Dataset records
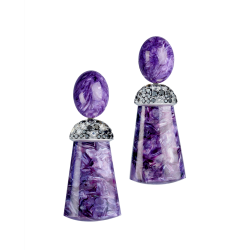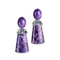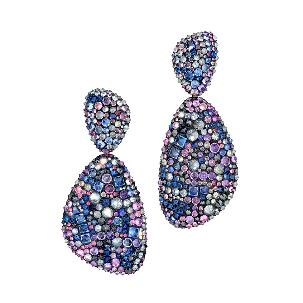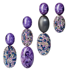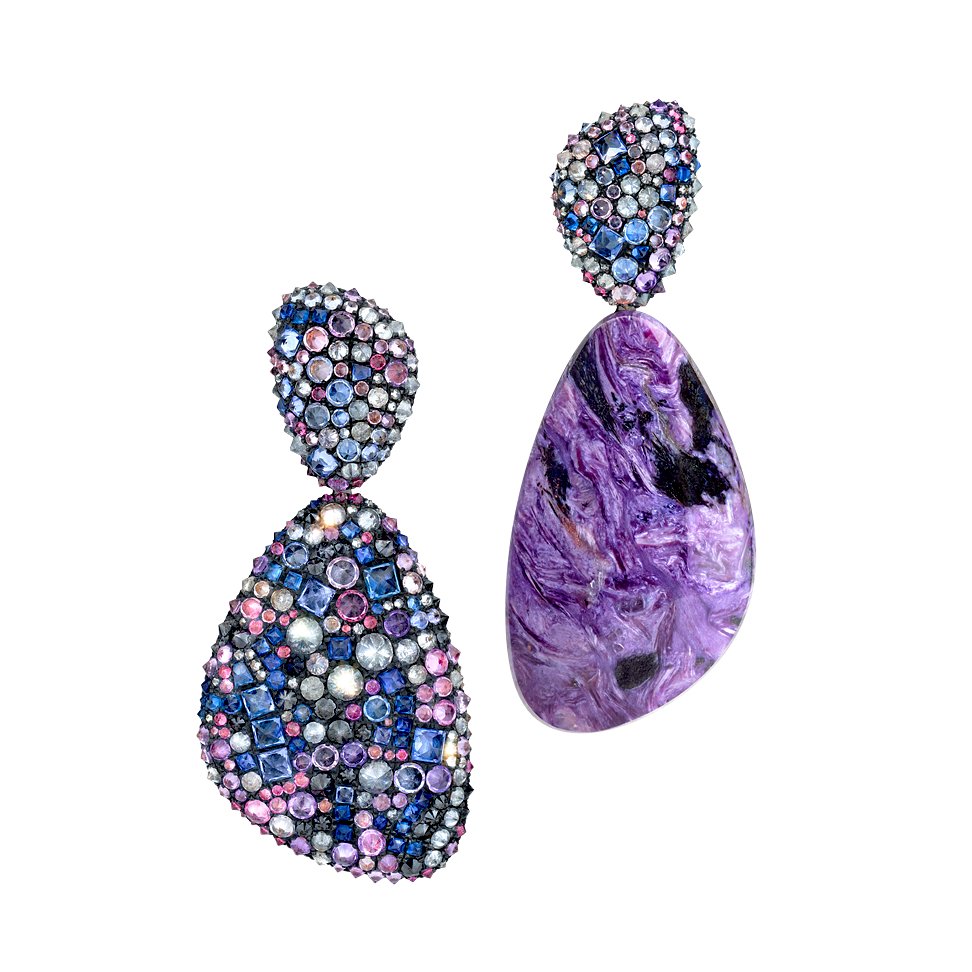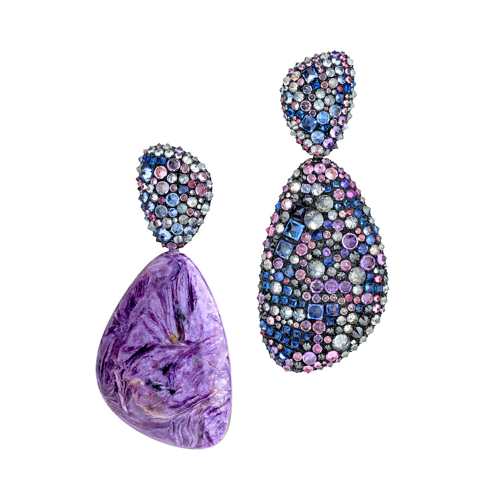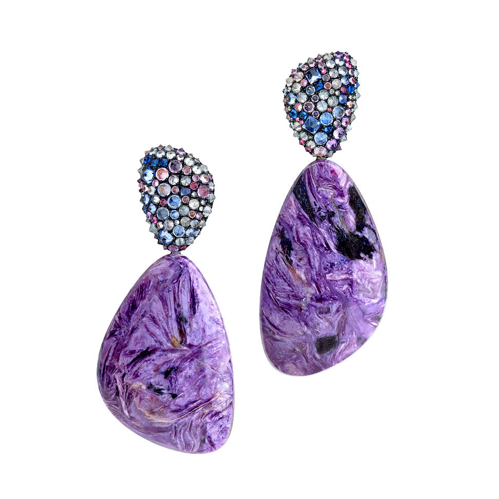 Ohrringe mit fantasiegeschliffenem Charoit sowie einem begleitenden Farbspektrum aus Saphiren und Diamanten auf Rückseiten und Oberteilen, in 750/000 Weißgold gefasst. Dank unsichtbarer Wechselmechaniken lassen sie sich die Unterteile umdrehen oder tauschen. Maßanfertigung, gezeigte Länge 5 cm.
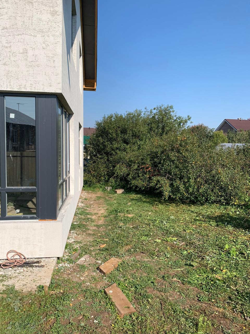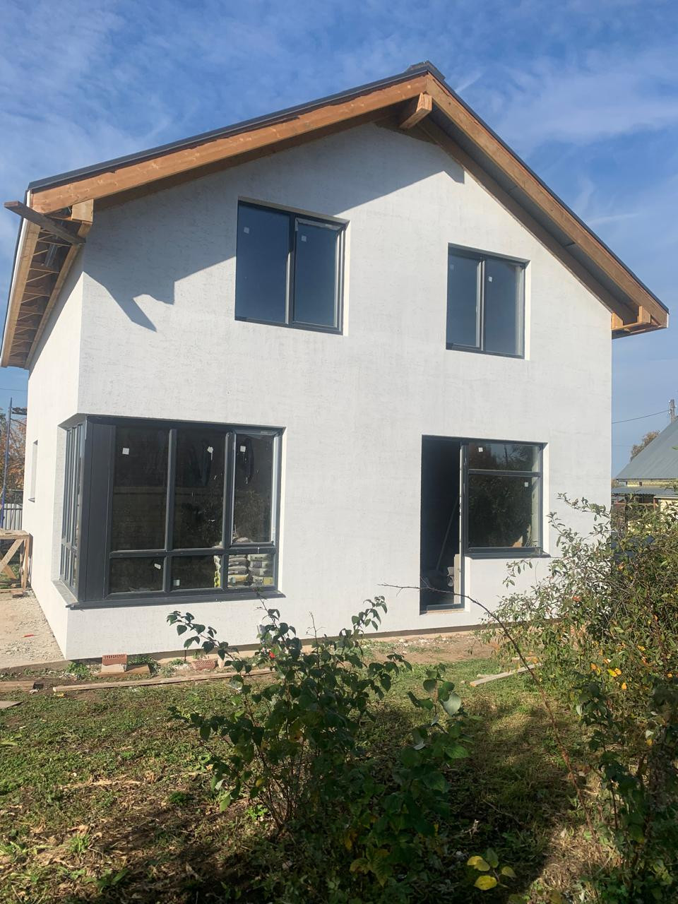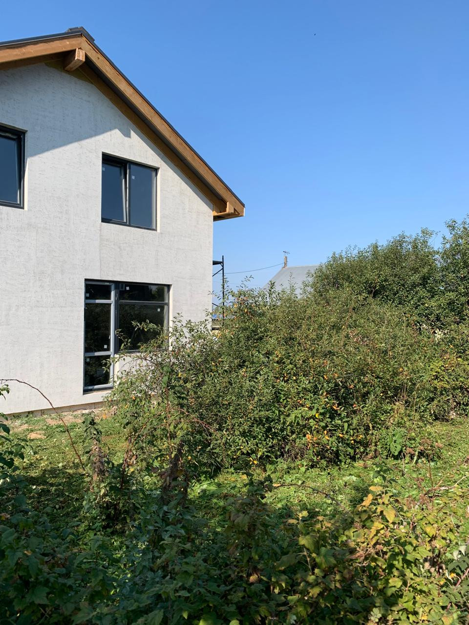 Кровля: Многослойная гибкая черепица премиум-класса Tegola (срок службы – 30лет, тишина и безопасность), сплошной подкладочный ковёр, ОSВ плита, утепление базальтовым утеплителем RОСКWООL Лайт Баттс Скандик – 200мм, смонтированы изолированные выходы вентиляции и канализации. Система металлических софитов, качественная металлическая водосточная система.
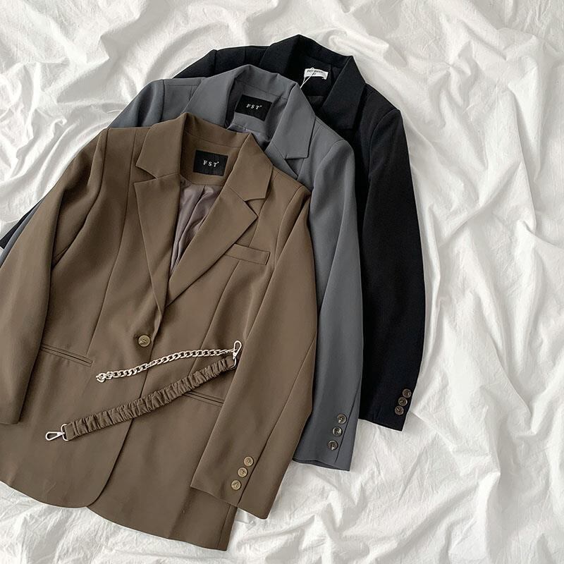 のみくまベルトスリムウエストウーマンブレザーコート2022春秋スーツジャケット長袖ターンダウンカラーブレザー ロング スプリング 春物 オータム 秋物 ハーネス kor41929482690
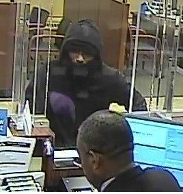 The subject is described as a black male, approximately 30 years old, 6 feet tall with a thin build. He was wearing a black jacket, black hooded sweatshirt, black pants and purple gloves.
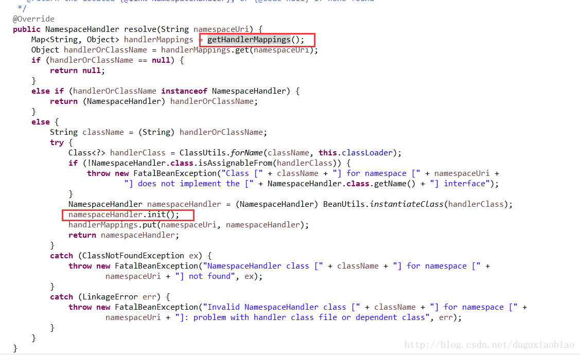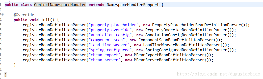 然后通过 context标签对应的uri找到 ContextNamespaceHandler类,这个类中只有一个方法 init(),那么该方法什么时候调用呢,我们继续看,下面的代码中调用了 init()方法,所以 我们看 ContextNamespaceHandler类中的 init()方法。
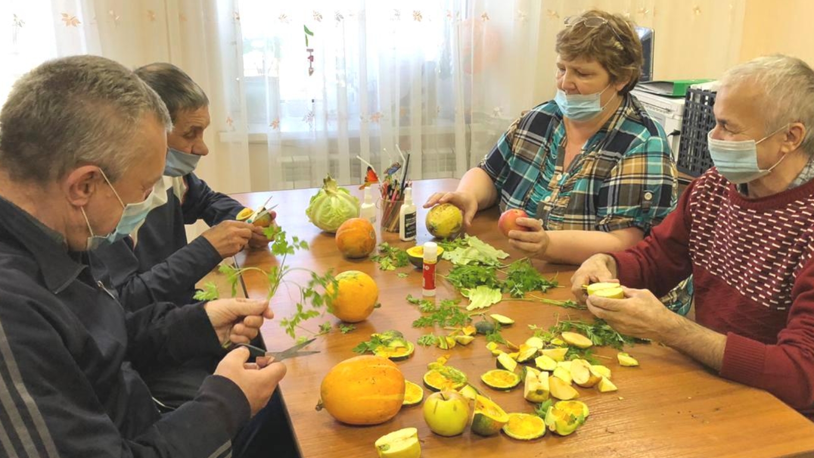 Эта техника дает полную свободу для самовыражения и творчества. После того, как получатели социальных услуг прослушали рассказ об этом виде аппликации, они сделали из фруктов и овощей невероятно красивую композицию. Коллективная работа помогла пожилым людям сплотиться, почувствовать командный дух.

* **TO DO**
Your reply should give again exactly the lines from the one with "然后通过 context标签对应的uri找到 ContextNamespaceHandler类,这个类中只有一个方法" through the last line of the data, with both ends included and pictures left out.

* **ANSWER FOR THE TASK**
 然后通过 context标签对应的uri找到 ContextNamespaceHandler类,这个类中只有一个方法 init(),那么该方法什么时候调用呢,我们继续看,下面的代码中调用了 init()方法,所以 我们看 ContextNamespaceHandler类中的 init()方法。
 Эта техника дает полную свободу для самовыражения и творчества. После того, как получатели социальных услуг прослушали рассказ об этом виде аппликации, они сделали из фруктов и овощей невероятно красивую композицию. Коллективная работа помогла пожилым людям сплотиться, почувствовать командный дух.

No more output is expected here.